UCSF Study Highlights Success of Brain Surgery for Severe Epilepsy

Edward Chang

Two-thirds of people with severe and otherwise untreatable epilepsy were completely cured of their frequent seizures after undergoing neurosurgery at the University of California, San Francisco Medical Center, according to a new study that examined 143 of these patients two years after their operations.

The new study not only shows the promise of this type of neurosurgery at treating severe epilepsy, it also highlights how research into brain imaging may help to further improve results for people who have such operations.

“Surgery can be a powerful way to stop this disorder in its tracks,” said UCSF Neurosurgeon Edward Chang, who led study, which is published this week in the journal Annals of Neurology. “Many of these people were living 10, 15 or 20 years with very severe and dangerous seizures.”

The success of the surgery, added Chang, was directly related to the accuracy with which the medical team could map the brain, identify the exact pieces of tissue responsible for an individual’s seizures and ultimately remove them.

“We need to continue to focus on developing new methods to figure out and pinpoint where the seizures are coming from,” said Chang.

Surgery for the Worst Cases

Epilepsy has been known as a disease since ancient times. Hippocrates, the father of western medicine, described it in detail in his writings some 2,500 years ago, and it is believed to have afflicted many famous people throughout history, including Julius Caesar. About two million people in the United States suffer from the disease today, according to the U.S. Centers for Disease Control and Prevention, and the World Health Organization estimates that some 50 million people worldwide have epilepsy, a name that means “seizures” in Greek.

While seizures are common to a number of other conditions, including head injuries, infections, exposure to toxins, sleep deprivation and stroke, people with epilepsy suffer recurrent seizures.
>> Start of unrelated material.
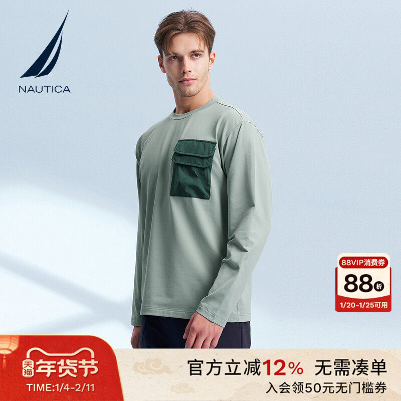 NAUTICA/诺帝卡男装秋冬抓绒保暖亲肤带弹长袖打底T恤TS4308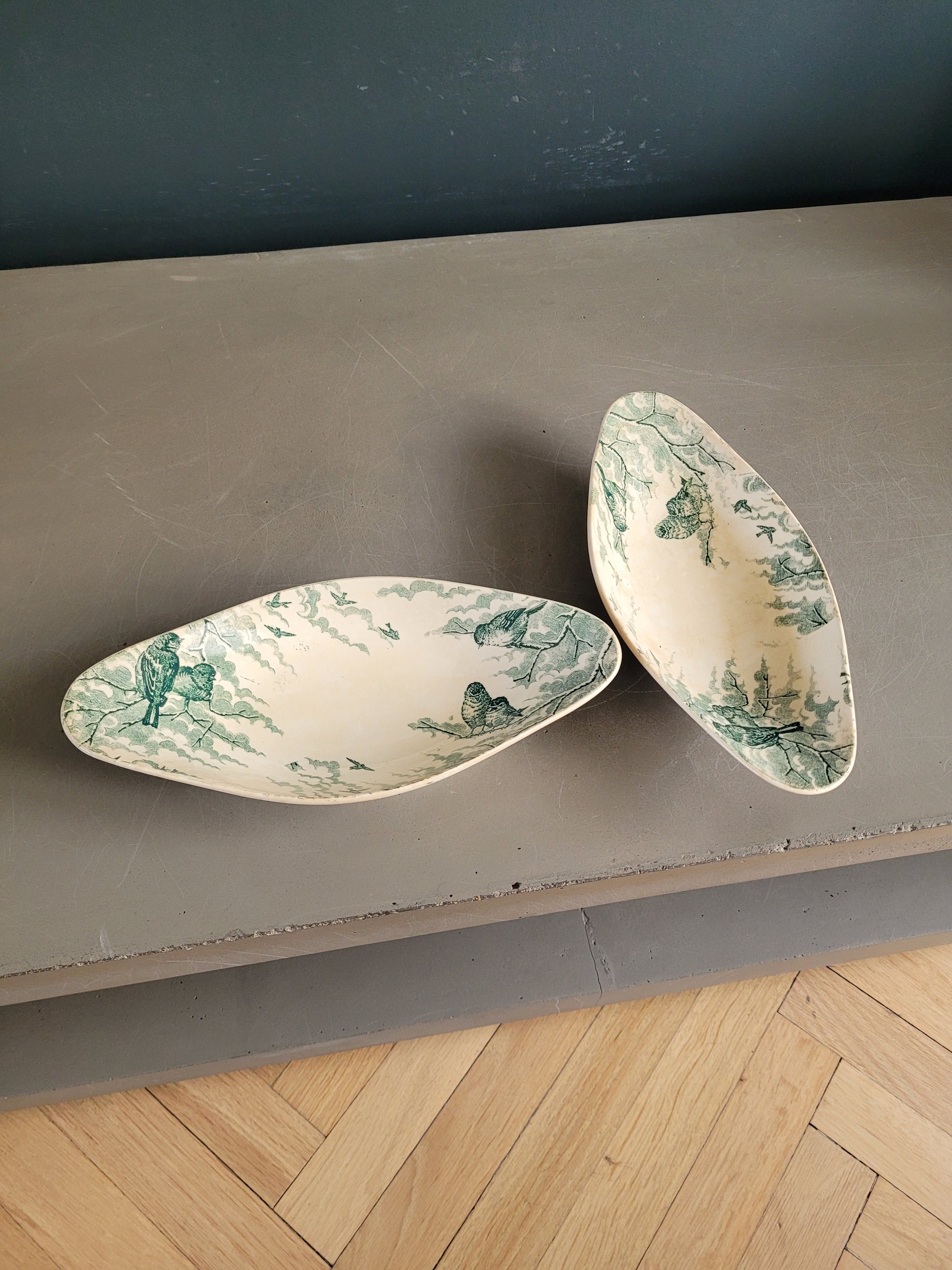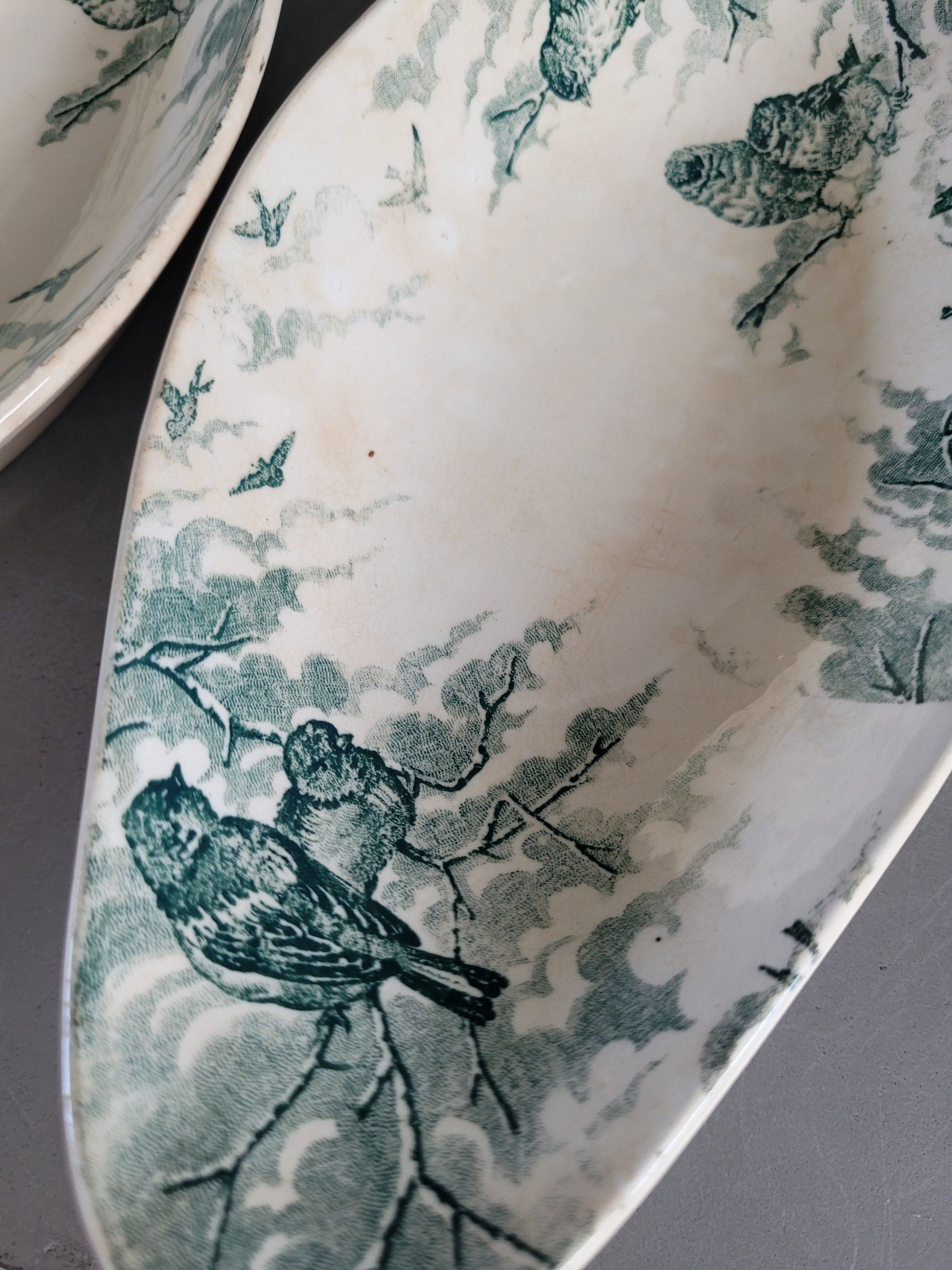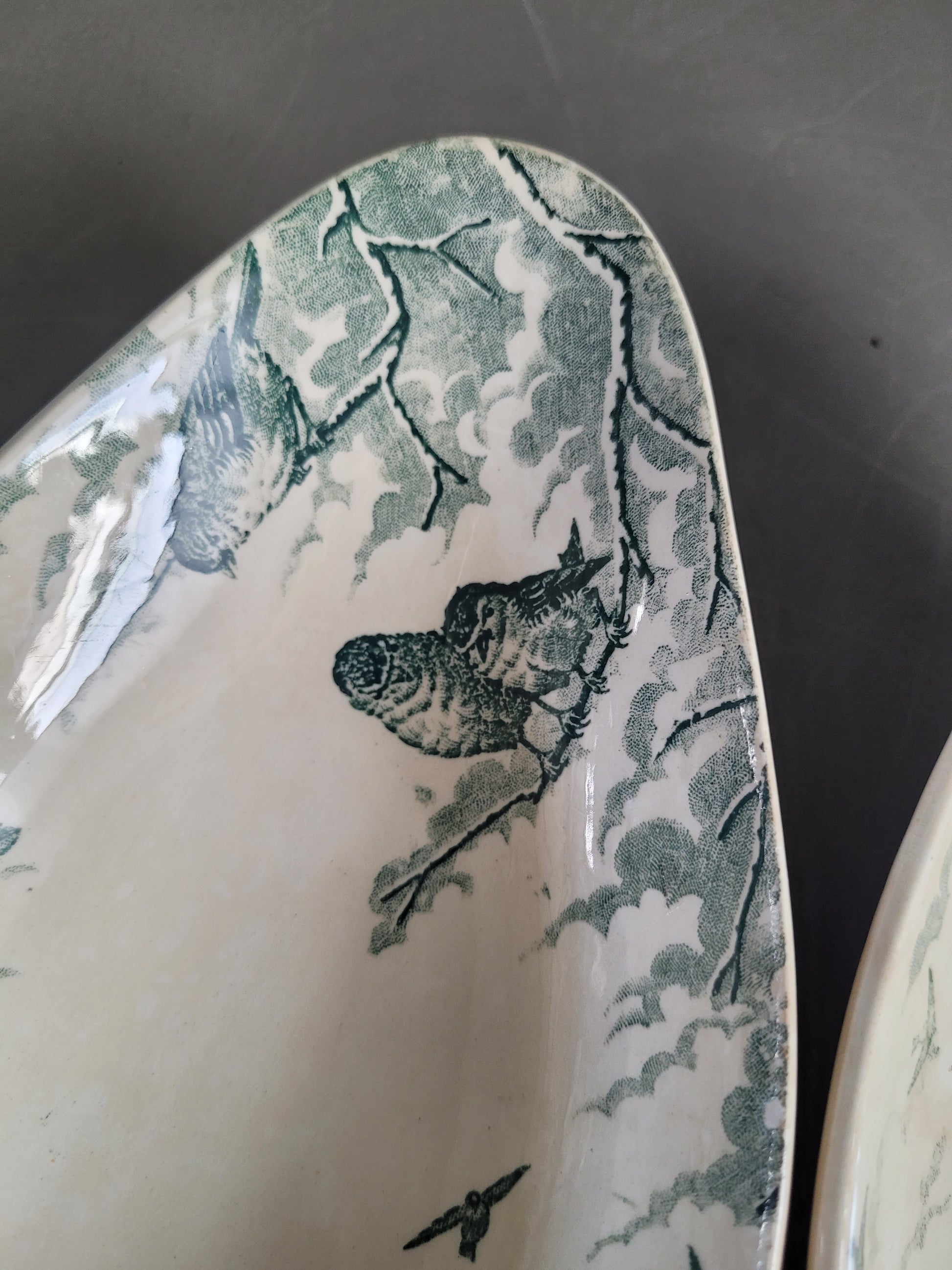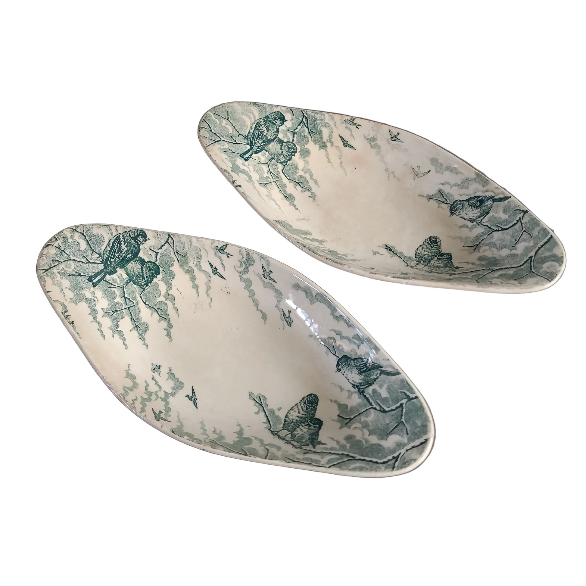En terre de fer, modèle Neige, ces raviers présentent un joli décor vert d'oiseaux perchés sur des branches enneigées, dans un esprit doux et poétique typique des productions de la fin du XIXe siècle.

Those seizures basically result from spontaneous instabilities in the brain’s neurons that can lead to symptoms ranging from slight muscle twitches to severe convulsions and loss of consciousness, depending on which parts of the brain are involved.

For many people with epilepsy, seizures are triggered by physical malformations in their brains that formed during early development. Powerful anticonvulsant drugs help many of them overcome their seizures, but a subset of people with epilepsy do not respond to the drugs. Some suffer only the occasional seizure, but others with more severe cases of epilepsy may suffer from dozens of seizures daily.
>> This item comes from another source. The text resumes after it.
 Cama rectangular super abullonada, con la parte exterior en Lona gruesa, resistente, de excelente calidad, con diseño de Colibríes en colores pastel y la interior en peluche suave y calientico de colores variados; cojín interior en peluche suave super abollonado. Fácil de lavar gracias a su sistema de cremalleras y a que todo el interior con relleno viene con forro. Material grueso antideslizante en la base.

For those with such severe, untreatable epilepsy, brain surgery can be the last and best hope, aiming to remove the problematic pieces of brain tissue – which may be as small as an acorn or as large as half the brain.
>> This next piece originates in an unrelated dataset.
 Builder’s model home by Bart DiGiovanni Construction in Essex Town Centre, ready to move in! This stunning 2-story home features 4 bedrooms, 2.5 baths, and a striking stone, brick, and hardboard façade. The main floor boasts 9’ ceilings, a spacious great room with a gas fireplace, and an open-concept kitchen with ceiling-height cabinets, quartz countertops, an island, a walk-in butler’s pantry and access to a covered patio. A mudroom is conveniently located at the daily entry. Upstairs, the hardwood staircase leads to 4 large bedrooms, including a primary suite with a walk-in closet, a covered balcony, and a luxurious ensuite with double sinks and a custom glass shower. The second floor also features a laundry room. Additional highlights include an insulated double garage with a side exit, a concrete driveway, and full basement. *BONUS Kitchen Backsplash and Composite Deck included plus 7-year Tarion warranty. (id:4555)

As the new study has highlighted, when the surgery works it can completely cure the seizures overnight. But a challenge remains because many malformations that cause the seizures are invisible to most forms of imaging.

UCSF Medical Center is one of just a few facilities in the country that is a world leader in brain imaging, epilepsy neurology and neurosurgery, and as a result, is one of the biggest epilepsy surgery programs in the United States. The latest study was part of a larger project at UCSF that is seeking to understand the different classes of malformations in the brain that lead to seizures and why certain people respond to treatment while others do not.

While those larger questions remain unanswered, according to Chang, the latest study proves a simple concept he hopes will drive further research in the field.

The better doctors can map the brain and identify the source of the seizures, Chang said, the greater will be the impact of the surgery.

The article, “Predictors of seizure freedom after surgery for malformations of cortical development” is authored by Edward F. Chang, Doris D. Wang, A. James Barkovich, Tarik Tihan, Kurtis I. Auguste, Joseph E. Sullivan, Paul A. Garcia, and Nicholas M. Barbaro and appears in the journal Annals of Neurology.